Upfront

Sheriffic response

The Sacramento County Sheriff’s Department last week expressed a willingness to answer verbal questions from SN&R, apparently ending two-and-a-half years of a newsgathering hurdle.

The agency was in a tiff with The Sacramento Bee after that paper published stories outlining allegations of excessive force inside the county jail. Sheriff Lou Blanas then ordered that the daily, like SN&R, would be required to put all questions in writing.

Bee editors wrote to Blanas, telling him the action was illegal. A meeting followed. The policy was yanked for the Bee and, apparently, also for SN&R.

Responding to an e-mail seeking comment for an article in last week’s issue (”Sheriff’s critics get barred,” SN&R News, November 17), sheriff’s spokesman Sgt. R.L. Davis said the department’s media office now would answer verbal or written information requests. (Davis’ e-mail arrived the evening of November 16, when last week’s issue was already hitting the streets.)

William T. Vollmann

“We are a transparent organization and we do feel that it is important to be accountable to the public, just like we feel it’s important for journalism to be based on facts, not sensationalism,” Davis wrote.

Referring to the new verbal-questions policy, Davis wrote: “We have always had these policies.” Not so, as two years’ worth of stories about the sheriff containing little or no comment from the department will attest.

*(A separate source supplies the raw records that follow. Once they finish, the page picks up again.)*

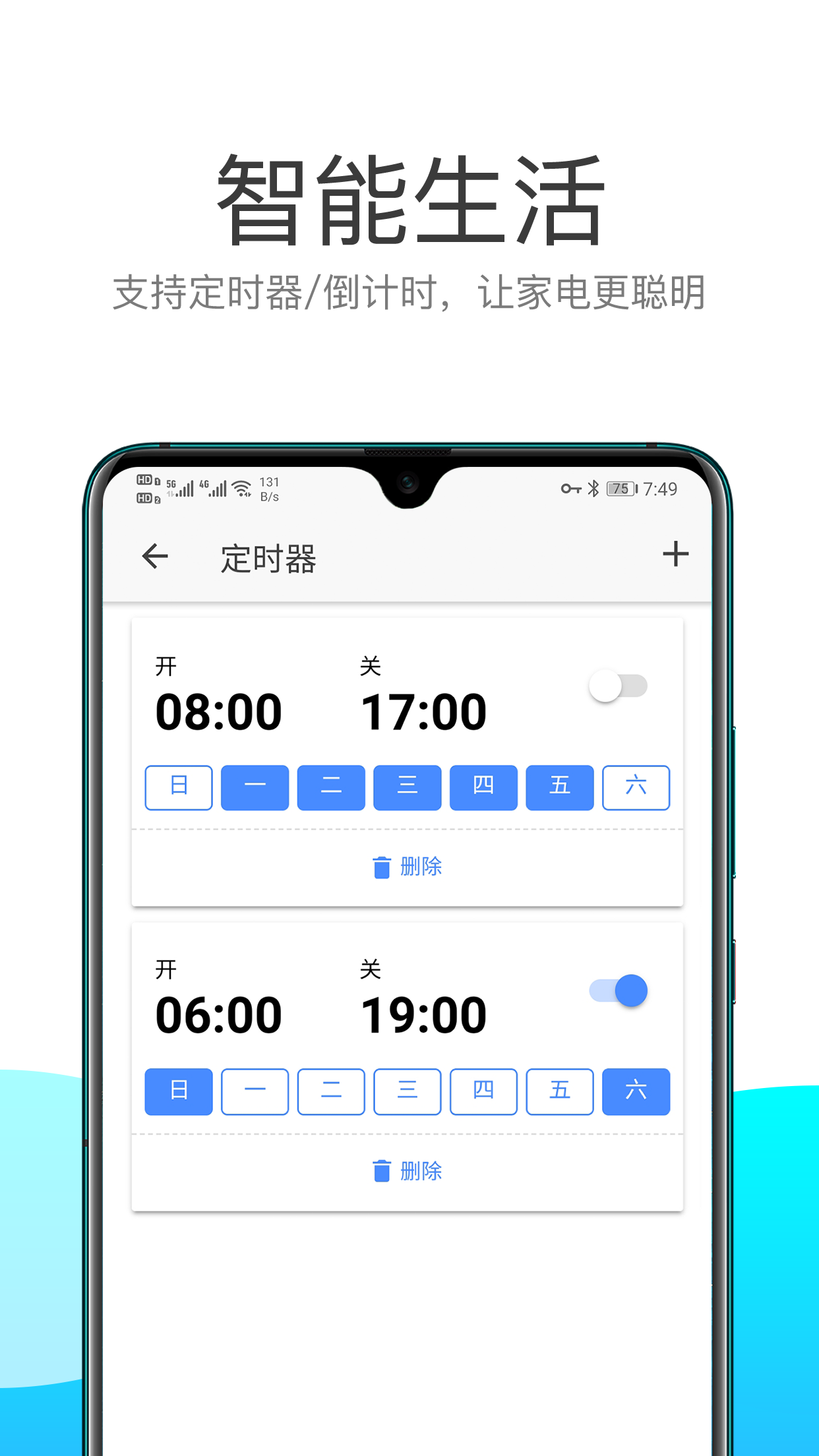 2、使用此专业应用程序,您可以随时随地控制智能插座,例如使用此应用程序中的计时器进行自动控制。
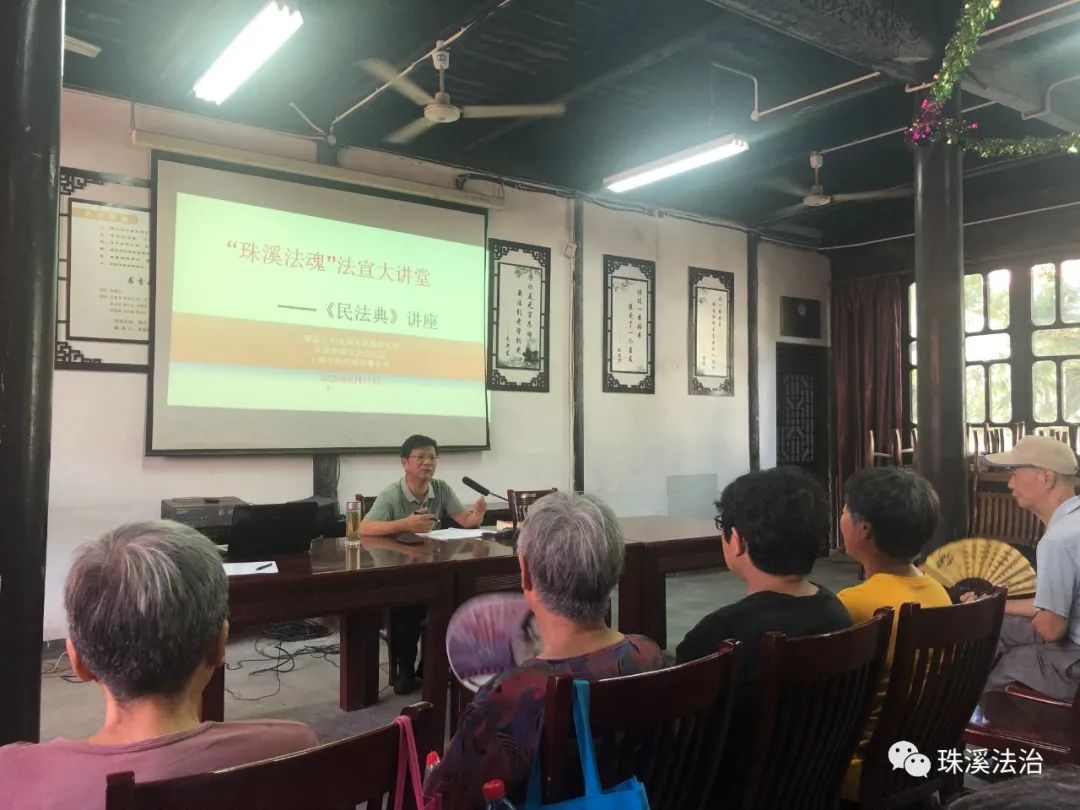 8月17日上午,联合律师走进朱家角镇东井街居委会,展开“珠溪法魂”法宣大讲堂之《民法典》讲座活动。本次活动共有30多位社区居民参与,期间上海市珠玑律师事务所肖锦龙律师使用当地方言,对《民法典》中继承篇的相关法律知识,围绕老年人最关心的财产、继承和法律援助等热点话题,以结合案例这样一种亲民且又简单易懂的方式,生动形象地向在场的居民们展开讲授,受到了在场居民的一致点赞。
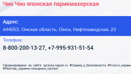 Чио Чио, японская парикмахерская по адресу 644053, Омская область, Омск, Нефтезаводская, 23 в дальнейшем Организация, размещена в следующих категориях:
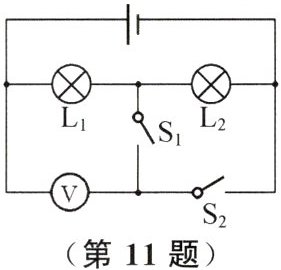 11. 如图所示,电源电压保持不变,当开关$S_{1}$闭合、$S_{2}$断开时,电压表的示数是3V;当开关$S_{1}$断开、$S_{2}$闭合时,电压表的示数是4.5V,则灯$L_{1}$、$L_{2}$两端的电压分别为____V和____V.
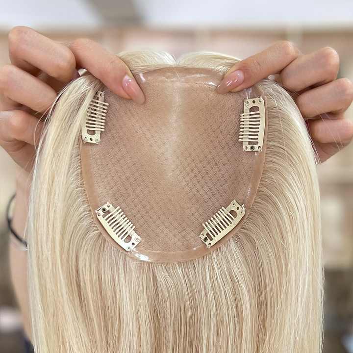 ท็อปเปอร์ผมไหมแท้ 5x5 ซม. ระบายอากาศได้ดี สวมใส่สบาย ติดคลิป สำหรับผมบาง
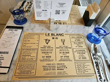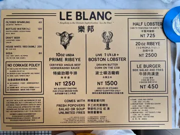 身為老夫老妻的我們已經很久沒有渡過情人節啦!情人節對於我們來說只是一個吃大餐買東西的藉口而且我個人很不愛去吃所謂的情人節套餐,差不多平日可以吃到的餐點可能變了些花樣 ,加了一些餐點,價格就好幾級跳身為節省人妻的我,當然不會想白花這些錢啦(嗯?)前陣子關注到一個YOUTUBE介紹了一家她稱之全台北CP值最高的牛排館,吸引了我上網路查了查,發現YOUTUBE介紹的就是Le Blanc牛排館,查了網路上的介紹文跟評價,感覺滿不錯的就預約了補班日前往用餐Le Blanc店址在大安路一段上,附近餐廳美食超級多的!白色的建築物是一家HOTEL,牆面是藍色系,相當顯眼店內滿滿的用餐客人,我還以為今天補班來用餐的客人不多,殊不知一堆人跟我們一樣不用補班來吃大餐整家店內的坐位都被坐滿了!沒預約還真的吃不到 以上菜單提供給各位參考!主餐有10OZ肋眼牛排$1000元,波士頓龍蝦$1400元以上二種套餐包含手工約克夏麵包,季節沙拉或是湯品(二選一),無限量薯條如果你又想吃牛排又想要吃龍蝦,可以加點半隻龍蝦680元每個人低消為一份主餐或是1000元,Nancy詢問過了400元的牛排肉漢堡也是屬於主餐之一,可抵低消但牛排肉漢堡沒有附手工約克夏麵包,季節沙拉或是湯品喔!但也有滿滿的薯條除了主餐之外還有不少附餐可以加點 我加點了半熟太陽蛋直接加在牛排肉漢堡上le blanc牛排的餐點皆沒有附飲料與甜點,以上都需要加點,加點都是原價沒有特別的優惠價喔不過甜點與飲料的價位相對於類似的餐廳親民許多 想喝酒的朋友也有酒類提供選擇自備酒品不需要開瓶費,但更換杯子需要酌收100元(難怪隔壁桌的客人自備了紅白酒喝得好開心阿)記切未滿18歲不得飲酒,喝酒不開車,開車不喝酒單點飲料:(後)無糖大吉嶺紅茶/SPICED YELLOW大吉嶺紅茶可以選擇需不需要附上糖漿SPICED YELLOW以新鮮萊姆汁與黑胡椒鳳梨汁為基底加入氣泡水,喝起來酸度高,非常的解膩10OZ肋眼牛排中所附的季節沙拉或是湯品二選一,當日湯品是胡蘿蔔濃湯,身為挑食鬼的老公不吃胡蘿蔔就跳過湯品 選擇覆盆子沙拉,端上桌視覺效果好加分喔層層推疊而成的各懂新鮮生菜,上頭放上數片刨成薄片的起吃豔紅色的覆盆子醬相當吸睛,入口可以直接感受到覆盆子的果酸與生菜的脆口度不嗜酸的朋友請慎入 手工約克夏麵包這麵包也長得太喜感了 手工約克夏麵包吃起來表面酥脆中間QQ的,有點像口感比較Q的傳統雞蛋糕的口感牛排肉漢堡+太陽蛋我覺得額外加點的太陽蛋讓牛排肉漢堡看起來更好吃了一旁搭配的薯條份量超多了!炸得剛剛好的薯條脆口鬆軟,一點都不會有油膩感!薯條上已經有灑過鹽了偏愛重口味的朋友也可以搭配上蕃茄醬 黃澄澄的太陽蛋真的好吸引人喔~剛剛好的熟度相當嫩口 誘人的太陽蛋底下是融化的起司還有超厚的牛肉漢堡肉來來來個橫切斷面~有沒有看到啾西的肉汁流下來了!le blanc的牛肉漢堡好好吃,這口感還有啾西的程度令我們驚豔跟喜愛!連漢堡麵包充滿奶香烤得微微酥脆平常不太主動吃麵包皮的我,也停不下口吃了大半個再加上鮮嫩可口的太陽蛋更是加分,濃郁的蛋黃加上啾西的漢堡肉,口感紮實不鬆散但又不會過硬二者組合搭配正中我倆的心跟胃阿~ 10OZ肋眼牛排(店員建議熟度3分熟)我們跟隨點了3分熟因為今天的客人太多了,所以牛排主餐等了有點小久差不多我的漢堡都快吃完了上桌XD牛排上的薯條是可以無限續加,不過二盤的薯條份量真的很多了!都快吃不完了,所以我們就沒續點了(薯條控記得來多吃一點喔) 3分熟的熟度,粉紅色澤真好誘人阿~先直接單吃享受牛排的原味,一口入甘甜的牛肉滋味充滿口腔!口感暖中帶點咬勁 真的會讓人一口接一口停不下來!肋眼牛排有油脂但又不會過油我們覺得搭配一旁的辣根醬也很好吃喔這盤牛排也讓我們豎起大姆指來 草莓起司蛋糕大概是因為同時用餐的客人太多了!服務人員忙到不行,所以一直忘了上我們最後的甜點了這樣一份賣100元真的不貴,口感偏軟的起司蛋糕酸味不高,加上新鮮的莓果很爽口首訪Le Blanc真的非常不錯!千元就可以吃到好吃10OZ的肋眼牛排套餐,牛肉漢堡我們也絕得很讚如果口袋荷包有點淺可以跟我們一樣點一份漢堡+一份牛排,二個人就達低消的標準了Le Blanc無論是餐點或是服務都表現的可圈可點,難怪補班日的中午還客滿了!想吃一定要先訂位才不會撲空喔
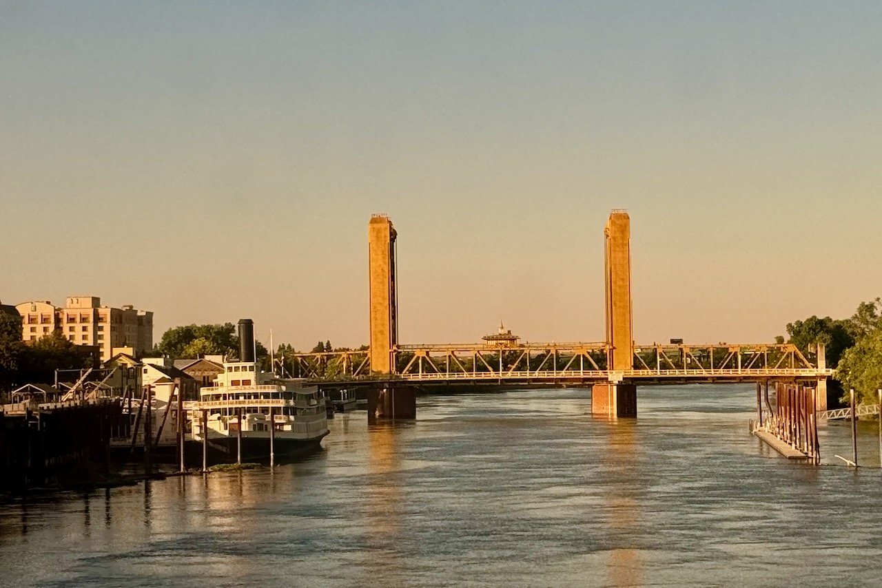 タワーブリッジが完成したのは、ゴールデンゲートブリッジより古く1935年です。見事なまでの金色は一度見たら忘れないほど印象に残ります。船が通過する時、道路が真上に上がる”垂直リフト方式”サクラメントの人口増加に伴い、ウエストサクラメントとサクラメントを繋ぐ橋として作られました。今でも現役のタワーブリッジが稼働する様子は、機会があったら是非とも見てみたい!

The new policy has yet to be tested.

Is there something in the water?

No one truly believes that New York City is the heart of literature these days, but recent book news suggests that Sacramento may have taken that title for itself.

At the National Book Awards, held in New York last week to honor the crème de la crème of last year’s published literature, writers with strong Sacramento ties took the two top honors. The annual prizes, sponsored by the National Book Foundation, carry with them a $10,000 cash award.

Joan Didion

William T. Vollmann, a resident of Land Park, received the award for fiction for his novel Europe Central [see “The worm of history” by John Freeman, SN&R Words, May 5]. The 800-page collection of stories set in war-ravaged Germany and Russia includes footnotes—something only the very confident or unusually talented fiction writer dares. Vollmann is both. Europe Central was considered a dark-horse candidate for the award.

This year’s nonfiction prize went to Joan Didion, a Sacramento native who often mentions her hometown in her personal works. The Year of Magical Thinking, reviewed in last week’s SN&R [”First, last, always” by Kel Munger, SN&R Words, November 17], is a memoir of the year following the death of Didion’s husband of almost four decades, writer John Gregory Dunne, and the eventually fatal illness of their only child, Quintana Roo Dunne Michael.

This was the first National Book Award for both writers. Far from being an unusual coincidence, though, Vollmann and Didion are among a large group of nationally noted writers with strong Sacramento ties.

Between civility and chaos

The secretary of state’s office will host a two-day, invitation-only summit on how best to test the accuracy and security of California voting systems. On November 28 and 29 at the Hyatt Regency, a nationwide pool of experts and academics schooled in everything from voting-machine security to voter skepticism will gather for a series of panel discussions. In the audience will be election officials from other states who are facing the same challenges regarding fair and accurate elections.

The secretary of state’s office is responsible for certifying electronic voting systems for purchase by counties, and panelists will discuss a number of issues related to their reliability, including proper testing procedures, whether federal testing guidelines are sufficient and how to assess the outside threat against security. Election experts fear that if voting systems aren’t robust enough and secure enough, voters will lose faith that their votes are being counted. And as Kim Alexander of the California Voter Foundation says, the vote is the “bright line between civility and chaos.”